Task brief:
What is needed is an exact copy of the data below, pictures excluded.

Data segment:

------------------------

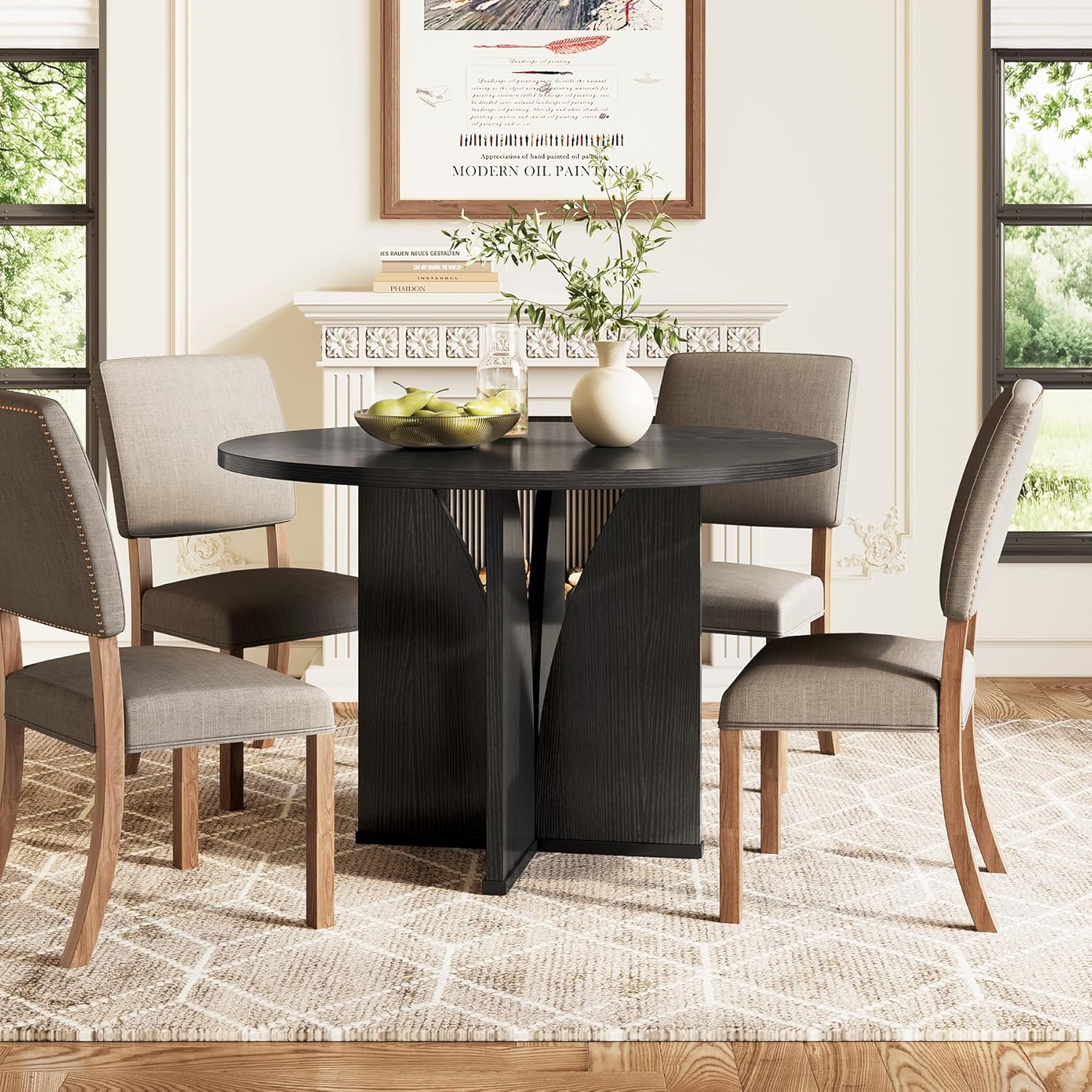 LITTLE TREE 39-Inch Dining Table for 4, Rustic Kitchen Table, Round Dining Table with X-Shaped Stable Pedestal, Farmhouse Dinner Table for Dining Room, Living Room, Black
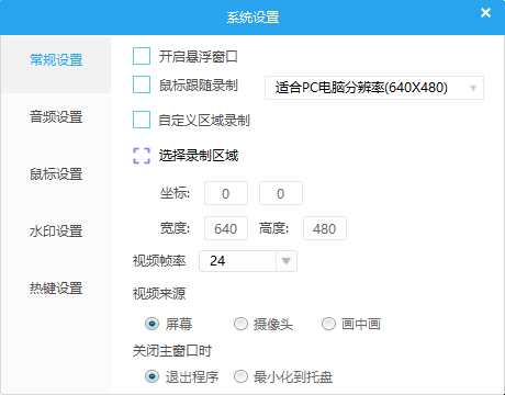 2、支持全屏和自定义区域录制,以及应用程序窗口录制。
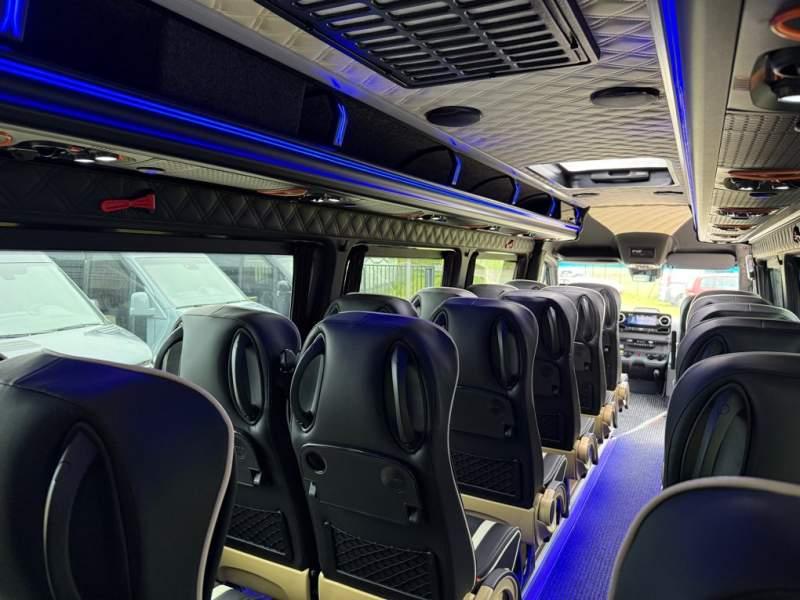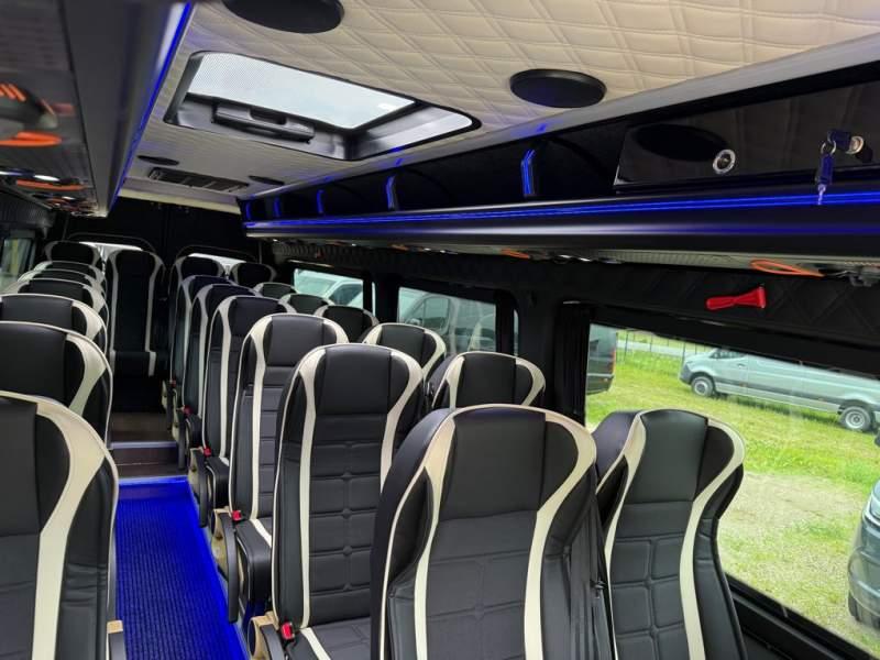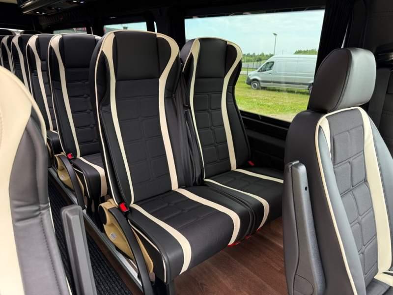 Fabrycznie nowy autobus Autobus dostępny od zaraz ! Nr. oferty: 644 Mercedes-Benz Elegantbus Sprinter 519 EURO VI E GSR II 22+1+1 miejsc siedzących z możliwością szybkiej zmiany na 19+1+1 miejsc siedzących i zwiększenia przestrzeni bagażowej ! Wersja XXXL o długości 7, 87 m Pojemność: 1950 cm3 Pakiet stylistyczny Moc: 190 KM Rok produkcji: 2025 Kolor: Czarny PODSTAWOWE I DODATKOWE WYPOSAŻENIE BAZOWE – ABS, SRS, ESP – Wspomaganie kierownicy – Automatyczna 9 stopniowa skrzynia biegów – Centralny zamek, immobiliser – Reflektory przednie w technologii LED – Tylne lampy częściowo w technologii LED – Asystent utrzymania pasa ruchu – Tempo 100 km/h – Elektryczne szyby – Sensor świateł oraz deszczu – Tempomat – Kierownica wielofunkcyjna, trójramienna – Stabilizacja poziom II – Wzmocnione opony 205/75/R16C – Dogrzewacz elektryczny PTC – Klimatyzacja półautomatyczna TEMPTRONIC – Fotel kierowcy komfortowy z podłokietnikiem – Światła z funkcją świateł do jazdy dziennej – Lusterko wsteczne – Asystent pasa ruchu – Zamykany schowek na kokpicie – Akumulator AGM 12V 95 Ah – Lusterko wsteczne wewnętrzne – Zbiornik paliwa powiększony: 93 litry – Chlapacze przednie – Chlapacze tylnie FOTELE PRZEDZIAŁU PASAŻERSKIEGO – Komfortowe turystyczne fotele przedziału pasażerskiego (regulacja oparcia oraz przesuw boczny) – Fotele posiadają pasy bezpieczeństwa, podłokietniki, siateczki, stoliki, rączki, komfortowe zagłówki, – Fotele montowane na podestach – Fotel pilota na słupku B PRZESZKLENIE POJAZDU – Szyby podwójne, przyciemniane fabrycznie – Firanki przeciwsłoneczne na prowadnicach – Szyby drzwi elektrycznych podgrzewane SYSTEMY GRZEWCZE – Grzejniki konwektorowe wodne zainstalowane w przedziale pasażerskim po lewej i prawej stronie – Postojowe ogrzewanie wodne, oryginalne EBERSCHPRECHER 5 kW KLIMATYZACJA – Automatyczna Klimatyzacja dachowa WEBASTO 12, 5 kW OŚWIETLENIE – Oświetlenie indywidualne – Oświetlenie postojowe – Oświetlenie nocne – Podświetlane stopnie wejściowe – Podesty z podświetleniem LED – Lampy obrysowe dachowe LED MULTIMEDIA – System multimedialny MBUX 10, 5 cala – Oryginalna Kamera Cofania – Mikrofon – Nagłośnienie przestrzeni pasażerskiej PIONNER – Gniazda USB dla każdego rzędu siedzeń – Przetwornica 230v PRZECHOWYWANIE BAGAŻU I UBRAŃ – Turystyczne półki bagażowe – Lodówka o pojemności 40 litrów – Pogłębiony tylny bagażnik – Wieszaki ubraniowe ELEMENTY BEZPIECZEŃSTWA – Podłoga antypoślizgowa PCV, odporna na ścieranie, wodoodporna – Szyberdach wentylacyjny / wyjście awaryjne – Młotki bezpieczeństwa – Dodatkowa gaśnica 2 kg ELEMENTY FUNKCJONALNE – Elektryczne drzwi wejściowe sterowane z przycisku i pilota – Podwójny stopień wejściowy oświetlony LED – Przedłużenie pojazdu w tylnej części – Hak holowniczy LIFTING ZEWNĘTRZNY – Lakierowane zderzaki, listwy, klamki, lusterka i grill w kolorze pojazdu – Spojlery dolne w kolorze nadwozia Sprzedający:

------------------------

Written answer:
 LITTLE TREE 39-Inch Dining Table for 4, Rustic Kitchen Table, Round Dining Table with X-Shaped Stable Pedestal, Farmhouse Dinner Table for Dining Room, Living Room, Black
 2、支持全屏和自定义区域录制,以及应用程序窗口录制。
 Fabrycznie nowy autobus Autobus dostępny od zaraz ! Nr. oferty: 644 Mercedes-Benz Elegantbus Sprinter 519 EURO VI E GSR II 22+1+1 miejsc siedzących z możliwością szybkiej zmiany na 19+1+1 miejsc siedzących i zwiększenia przestrzeni bagażowej ! Wersja XXXL o długości 7, 87 m Pojemność: 1950 cm3 Pakiet stylistyczny Moc: 190 KM Rok produkcji: 2025 Kolor: Czarny PODSTAWOWE I DODATKOWE WYPOSAŻENIE BAZOWE – ABS, SRS, ESP – Wspomaganie kierownicy – Automatyczna 9 stopniowa skrzynia biegów – Centralny zamek, immobiliser – Reflektory przednie w technologii LED – Tylne lampy częściowo w technologii LED – Asystent utrzymania pasa ruchu – Tempo 100 km/h – Elektryczne szyby – Sensor świateł oraz deszczu – Tempomat – Kierownica wielofunkcyjna, trójramienna – Stabilizacja poziom II – Wzmocnione opony 205/75/R16C – Dogrzewacz elektryczny PTC – Klimatyzacja półautomatyczna TEMPTRONIC – Fotel kierowcy komfortowy z podłokietnikiem – Światła z funkcją świateł do jazdy dziennej – Lusterko wsteczne – Asystent pasa ruchu – Zamykany schowek na kokpicie – Akumulator AGM 12V 95 Ah – Lusterko wsteczne wewnętrzne – Zbiornik paliwa powiększony: 93 litry – Chlapacze przednie – Chlapacze tylnie FOTELE PRZEDZIAŁU PASAŻERSKIEGO – Komfortowe turystyczne fotele przedziału pasażerskiego (regulacja oparcia oraz przesuw boczny) – Fotele posiadają pasy bezpieczeństwa, podłokietniki, siateczki, stoliki, rączki, komfortowe zagłówki, – Fotele montowane na podestach – Fotel pilota na słupku B PRZESZKLENIE POJAZDU – Szyby podwójne, przyciemniane fabrycznie – Firanki przeciwsłoneczne na prowadnicach – Szyby drzwi elektrycznych podgrzewane SYSTEMY GRZEWCZE – Grzejniki konwektorowe wodne zainstalowane w przedziale pasażerskim po lewej i prawej stronie – Postojowe ogrzewanie wodne, oryginalne EBERSCHPRECHER 5 kW KLIMATYZACJA – Automatyczna Klimatyzacja dachowa WEBASTO 12, 5 kW OŚWIETLENIE – Oświetlenie indywidualne – Oświetlenie postojowe – Oświetlenie nocne – Podświetlane stopnie wejściowe – Podesty z podświetleniem LED – Lampy obrysowe dachowe LED MULTIMEDIA – System multimedialny MBUX 10, 5 cala – Oryginalna Kamera Cofania – Mikrofon – Nagłośnienie przestrzeni pasażerskiej PIONNER – Gniazda USB dla każdego rzędu siedzeń – Przetwornica 230v PRZECHOWYWANIE BAGAŻU I UBRAŃ – Turystyczne półki bagażowe – Lodówka o pojemności 40 litrów – Pogłębiony tylny bagażnik – Wieszaki ubraniowe ELEMENTY BEZPIECZEŃSTWA – Podłoga antypoślizgowa PCV, odporna na ścieranie, wodoodporna – Szyberdach wentylacyjny / wyjście awaryjne – Młotki bezpieczeństwa – Dodatkowa gaśnica 2 kg ELEMENTY FUNKCJONALNE – Elektryczne drzwi wejściowe sterowane z przycisku i pilota – Podwójny stopień wejściowy oświetlony LED – Przedłużenie pojazdu w tylnej części – Hak holowniczy LIFTING ZEWNĘTRZNY – Lakierowane zderzaki, listwy, klamki, lusterka i grill w kolorze pojazdu – Spojlery dolne w kolorze nadwozia Sprzedający:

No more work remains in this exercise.